Yep. The wings and point distributions are slightly different but obviously much more similar to each other than the bigs. As you can see above these are wildly dissimilar approaches to assigning value and yet the different approaches turn out to be extremely well correlated with each other. There's more than one way to skin an apple, as the human saying goes.

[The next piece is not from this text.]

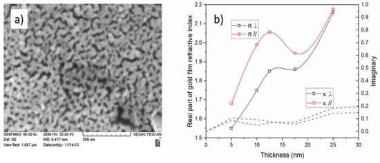 The findings that were described in the previous sections all pointed to the fact that the thin metal coatings had a strong impact on the propagation properties of the modes of the OWGs on which they were deposited, and that this impact depended on the state of the polarization of the modes at the OWG/metal interface. It was further determined that when such metal coatings were used to enhance the performance of the OWG sensors through plasmonic effects, more polarization-dependent features could be found. However, attempts to model the performance of such metal coated OWG structures failed when the widely accepted values of the metal permittivity were used and when the thickness of the metal layer was smaller than a few tens of nm, which often gave the opposite effects to those that were observed experimentally. This was a consequence of the well-known fact that the ultrathin metal layers had properties that were completely different from those of the bulkier samples, and that the differences depended strongly on the fabrication procedures that were used to form the thin layers [30]. In particular, for the layers thinner than a so-called ‘percolation threshold’, the real part of the permittivity of the metals became positive and their conductivity (and associated optical loss) became very small. This was because such layers were inherently discontinuous, because a thin film growth proceeded through nucleation/condensation, which favored a deposition on the existing metal surfaces instead of on the exposed areas of the substrate, which led to voids and trenches. This can be seen on Figure 12a, which shows a scanning electron micrograph (SEM) of the surface of a fiber that has been coated with a 20 nm thick film of gold deposited by evaporation (driven by an electron beam heater).

Alright so let's look at our stats, all values given as per 48 minutes:
Labels Avg ws Max ws Min ws SD ws Avg wp Max wp Min wp SD wp
1 .0835 .1172 .0346 .0191 .1475 .2231 .0628 .0315
2 .0612 .1101 .0212 .0169 .1131 .1887 .0377 .0274
3 .0981 .1479 .0515 .0180 .1711 .2524 .1034 .0289
4 .1064 .1434 .0611 .0167 .1251 .1986 .0480 .0293
5 .1700 .2141 .1237 .0174 .2290 .3057 .1468 .0279
6 .0824 .1431 .0108 .0264 .1387 .2479 .0256 .0420
7 .0571 .1211 .0009 .0281 .1076 .2141 .0011 .0473
8 .0934 .1526 .0219 .0249 .1668 .2735 .0592 .0383
9 .1015 .1427 .0409 .0231 .1216 .1852 .0312 .0374
10 .1705 .2131 .1142 .0221 .2351 .3079 .1362 .0362
Total .1024 .2141 .0009 .0430 .1556 .3079 .0011 .0557
sb pwb max-avg avg-min stdevp mp max-avg avg-min stdevp
s p .0337 .0489 .0191 2788 .0756 .0847 .0315
s w .0489 .0400 .0169 2788 .0756 .0754 .0274
s w .0498 .0466 .0180 2788 .0813 .0677 .0289
s b .0370 .0453 .0167 2624 .0735 .0771 .0293
s b .0441 .0462 .0174 2624 .0767 .0823 .0279
b p .0607 .0716 .0264 1148 .1092 .1131 .0420
b w .0640 .0562 .0281 1148 .1064 .1065 .0473
b w .0592 .0716 .0249 1148 .1067 .1076 .0383
b b .0412 .0606 .0231 1312 .0636 .0905 .0374
b b .0426 .0563 .0221 1312 .0728 .0990 .0362
x x .0481 .0543 .0213 x .0841 .0904 .0346
There's a lot going on here.
Most relevant to our interests, the standard deviation is roughly inversely proportional to minutes played: the more minutes a player plays, the less uncertain we should be about his composite stats. That's good! It would be really disconcerting (not to mention annoying) if it was the opposite! At the same time, slight differences in minutes played show only small effects: all starters have about the same standard deviations, same for all backups.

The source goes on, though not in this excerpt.